BACKGROUND: Based on the metabolic effect of exogenous ATPase inhibitory factor 1 (IF1) on glucose metabolism, we tested whether IF1 treatment is effective in ameliorating weight gain and whether its effects are sex specific. METHODS: HFD-fed C57BL/6 mice were treated with IF1 (5 mg/kg body weight, injected intraperitoneally). The underlying mechanisms of effect of IF1 on body weight were investigated in vitro and in vivo.

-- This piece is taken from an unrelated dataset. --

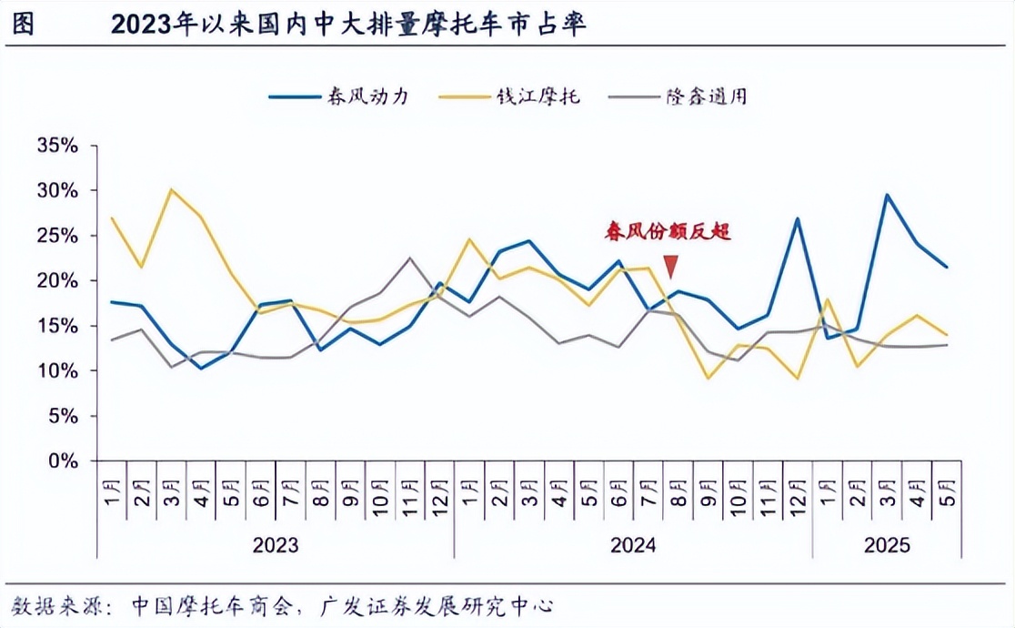 从摩托车气缸头起家的春风动力,凭借自身独一无二的大排量水冷发动机技术,将业务范围一步步拓展至中大排量摩托车市场,被国宾队选为指定用车更是让其名声大噪,成为与钱江摩托、隆鑫通用等摩托车厂分庭抗礼的存在。

Associations between genotypes of IF1 and obesity and relevant phenotype were further tested at the population level. RESULTS: Chronic treatment with IF1 significantly decreased body weight gain by regulating food intake of HFD-fed male mice. IF1 activated the AKT/mTORC pathway and modulated the expression of appetite genes in the hypothalamus of HFD-fed male mice and its effect was confirmed in hypothalamic cell lines as well as hypothalamic primary cells. This required the interaction of IF1 with β-F1-ATPase on the plasma membrane of hypothalamic cells, which led to an increase in extracellular ATP production. In addition, IF1 treatment showed sympathetic nerve activation as measured by serum norepinephrine levels and UCP-1 expression in the subcutaneous fat of HFD-fed male mice. Notably, administration of recombinant IF1 to HFD-fed ovariectomized female mice showed remarkable reductions in food intake as well as body weight, which was not observed in wild-type 5-week female mice. Lastly, sex-specific genotype associations of IF1 with obesity prevalence and metabolic traits were demonstrated at the population level in humans. IF1 genetic variant (rs3767303) was significantly associated with lower prevalence of obesity and lower levels of body mass index, waist circumference, hemoglobin A1c, and glucose response area only in male participants. CONCLUSION:IF1 is involved in weight regulation by controlling food intake and potentially sympathetic nerve activation in a sex-specific manner.